== WHAT TO DO ==
Repeat the material exactly from its first line to the line that includes "A hand-woven rattan". Skip pictures.

== SUPPLIED MATERIAL ==
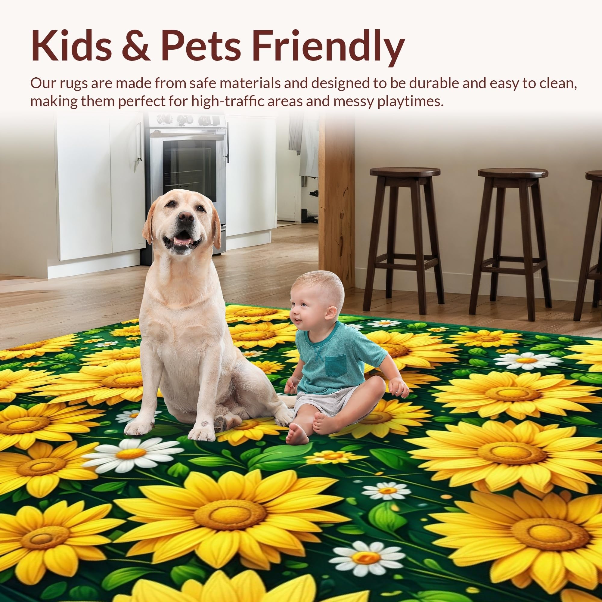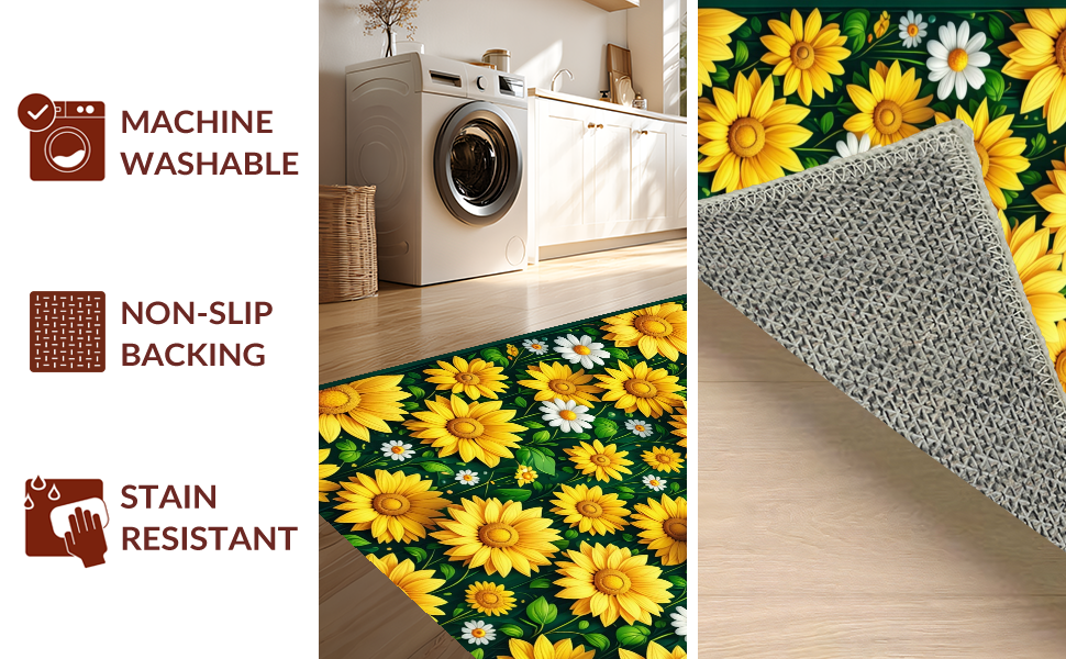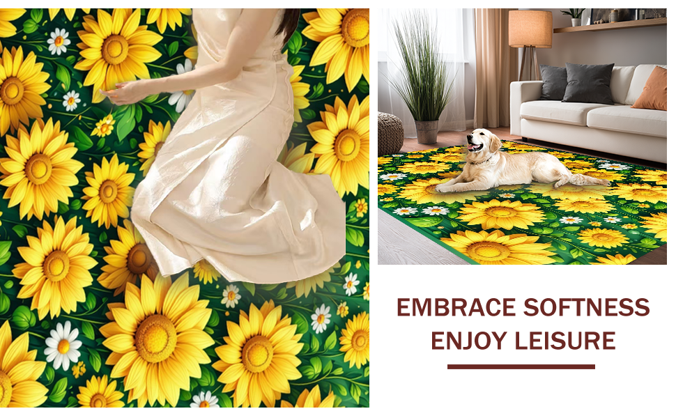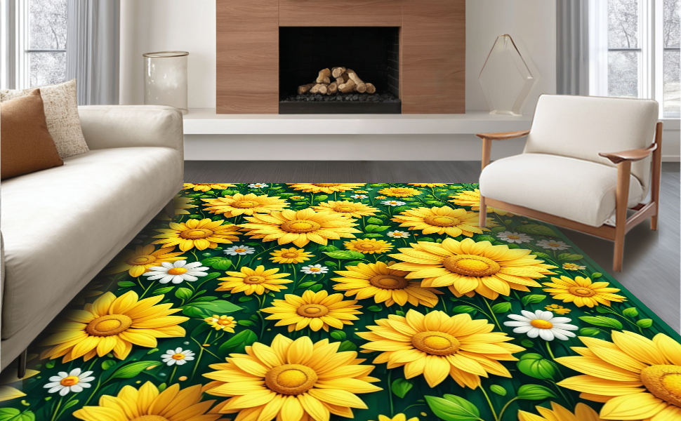 Ultra Soft Area Rug, Non Slip, Stain Resistant, Washable Area Rugs for Living Room, Bedroom, Cheerful Daisy Floral Arrangement(Yellow) Overview:
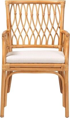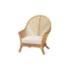 A hand-woven rattan chair featuring a vertical lattice back design and cushioned seating. Ideal for living rooms or patios.
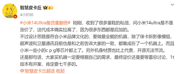 博主“智慧皮卡丘”發文稱,小米14 Ultra這(zhè)代成本确實拉高(gāo)了(le),因爲很多(duō)東西都是後加的(de)。不過設計思路是符合小米品牌文化(huà)的(de),要做(zuò)最全能的(de)機器,除了(le)徕卡新影(yǐng)像模組,超聲波和(hé)衛星通(tōng)訊都集成在了(le)一個(gè)機器上。另外機身材質也(yě)比上代貴。博主表示:“還(hái)是那句話(huà),大(dà)家買機器一定要根據自己的(de)需求,最終定價還(hái)是要等雷總討(tǎo)論,1TB版本有開案,肯定要七千多(duō)的(de)。”

== WRITTEN ANSWER ==
 Ultra Soft Area Rug, Non Slip, Stain Resistant, Washable Area Rugs for Living Room, Bedroom, Cheerful Daisy Floral Arrangement(Yellow) Overview:
 A hand-woven rattan chair featuring a vertical lattice back design and cushioned seating. Ideal for living rooms or patios.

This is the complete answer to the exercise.